No problem with questions.

I use a point between the woofer and waveguide. Its really arbitrary, but can make some small differences.

I really don't like moving the microphone. My rotation table costs about $9.75 (or less than the JBL horn!) :) Really all that is needed are two pieces of wood with a pin in the center so that the top piece rotates. Use melamine for the sliding suraces and I grease mine since the heavy systems can be hard to turn. I build an upright stand about 4 feet tall to put it on. Its all just 2x4's and wood shelving (melamine) - scrap actually. And it works great. In Thailand I used a motorized table - got no better data than I get with the wood plates.

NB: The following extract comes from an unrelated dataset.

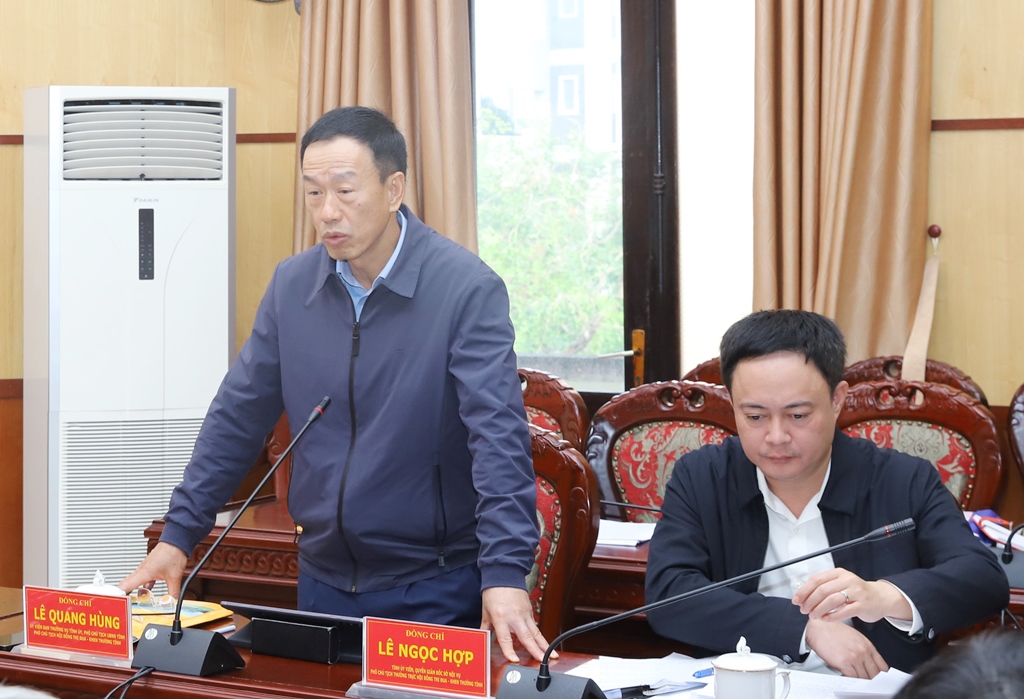 | Phó Chủ tịch UBND tỉnh Lê Quang Hùng phát biểu ý kiến tại hội nghị. |

2 Meters is tough to do in a small space. I use 1 meter. But be warned that the distance can make a difference. Closer yields more irregularity than farther away. Many people use 10 meters because it smoothes the curves so much.

You still need to adjust the mic stand for vertical off axis I guess.

Tech section:
2 meters I use after the 1m measurement set. It gives me a better idea of the in room trends. 1m is superior for resolution. I use midpoint between woofer and HF system's rims for 0 deg most of the time. In case of a ribbon HF I point to the ribbon. In 3 ways I do the same. I.e. I point between Mid and HF rims. Anything I must do different in your opinion?

BS section:
I would like to get a servo table moving in lock with Leap and seeing the off axis 5deg dif lines popping up. No use for me, I am not producing anything and I do not need 70s KEF reference line production control standards, but I like it robotic!